The Ligurian regional election of 2010 took place on 28–29 March 2010.

The incumbent President Claudio Burlando of the centre-left Democratic Party (PD) faced Sandro Biasotti, backed by The People of Freedom (PdL) and Northern League Liguria. Biasotti was President of the Region from 2000 to 2005, when he was defeated by Burlando. The Union of the Centre (UdC), a traditionally centre-right political force, supported the centre-left candidate Burlando.

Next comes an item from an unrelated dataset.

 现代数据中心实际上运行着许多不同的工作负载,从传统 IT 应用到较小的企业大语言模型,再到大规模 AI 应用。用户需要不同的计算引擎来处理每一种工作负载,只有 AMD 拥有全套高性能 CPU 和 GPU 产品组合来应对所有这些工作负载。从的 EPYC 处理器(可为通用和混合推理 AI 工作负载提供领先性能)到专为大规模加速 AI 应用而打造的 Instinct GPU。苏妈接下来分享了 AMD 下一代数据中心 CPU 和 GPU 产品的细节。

Burlando secured a second consecutive term, but the PdL came out as the largest party in the region.

== Electoral system ==
Regional elections in Liguria were ruled by the "Tatarella law" (approved in 1995), which provided for a mixed electoral system: four fifths of the regional councilors were elected in provincial constituencies by proportional representation, using the largest remainder method with a droop quota and open lists, while the residual votes and the unassigned seats were grouped into a "single regional constituency", where the whole ratios and the highest remainders were divided with the Hare method among the provincial party lists; one fifth of the council seats instead was reserved for regional lists and assigned with a majoritarian system: the leader of the regional list that scored the highest number of votes was elected to the presidency of the Region while the other candidates were elected regional councilors.

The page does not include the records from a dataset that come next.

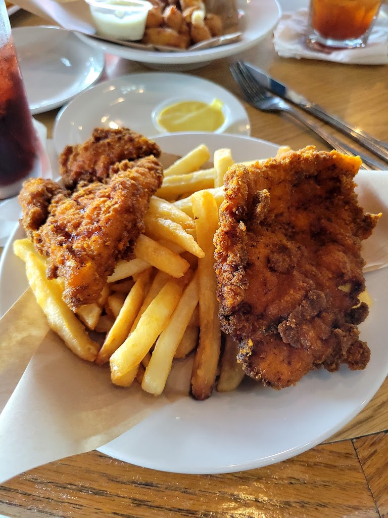 Food was mediocre. Too many French fries served, one helping could have fed three people! Wait staff could be better trained. Never came back to see if we wanted refills, had to flag down! Restaurant is clean and comfortable but needs more menu selections.
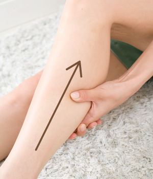 ふくらはぎの内側の肉を両手で小さくつまんで、たたみ下ろすようにマッサージ。ふくらはぎから脂肪を引き剥がすように行うと◎。内側が終わったら外側の肉も同様に行って。
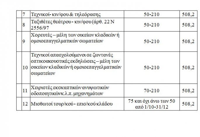 Οικοδόμοι, λατόμοι, ασβεστοποιοί, πλινθοποιοί, αγγειοπλάστες, δασεργάτες, ρητινοσυλλέκτες, καπνεργάτες, μουσικοί μέλη των οικείων επαγγελματικών σωματείων, υποδηματεργάτες, μισθωτοί ναυπηγοεπισκευαστικής ζώνης, χειριστές εκσκαπτικών-ανυψωτικών-οδοποιητικών-γεωτρητικών μηχανημάτων, ηθοποιοί, τεχνικοί κινηματογράφου και τηλεόρασης, ταξιθέτες θεάτρου – κινηματογράφου, χειριστές και βοηθοί χειριστών κινηματογράφου, ελεγκτές κινηματογράφου και θεάτρου, ταμίες κινηματογράφου και θεάτρου, μισθωτοί τουριστικού και επισιτιστικού κλάδου και σμυριδεργάτες. χορευτές - μέλη των οικείων κλαδικών ή ομοιοεπαγγελματικών σωματείων, καθώς και των τεχνικών απασχολούμενών σε ζωντανές οπτικοακουστικές εκδηλώσεις - μέλη των οικείων κλαδικών ή ομοιοεπαγγελματικών σωματείων
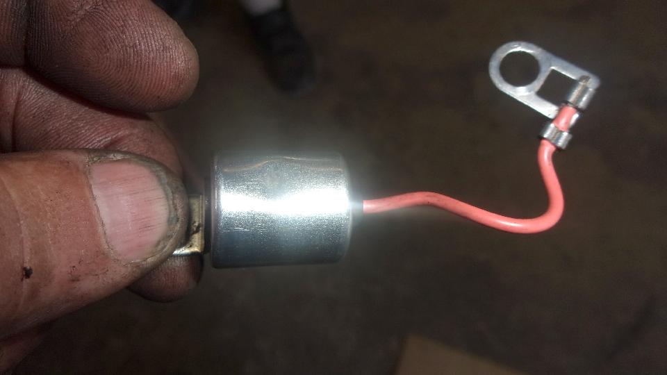 Well, maybe not. You know I said thing were not going as planned today. Before we could get to the road the ignition was crapping out with engine dying, not going anywhere, guessing a failed condenser again. Temporarily clamping up my test condenser, the engine ran well enough to drive it up the hill back to the shop. Disconnect the test condenser, and it would die. Pretty good indication of a failed condenser. It was hot today, and we were pretty pissed by this time, so sit down with a cold one while the car cools down. Then pull the distributor to change the condenser, after which it was running again. Center picture below is the failed condenser that was removed. Picture on right is the "Lucas" condenser from the Moss Motors web site, same part. My records show very recent installation, very short life, just crap parts, and multiple failures. I don't need this sort of fabricated problem with everything else going on. Avoid current issue Lucas condensers like the plague.

A threshold of 3% had been established for the provincial lists, which, however, could still have entered the regional council if the regional list to which they were connected had scored at least 5% of valid votes.

The panachage was also allowed: the voter can indicate a candidate for the presidency but prefer a provincial list connected to another candidate.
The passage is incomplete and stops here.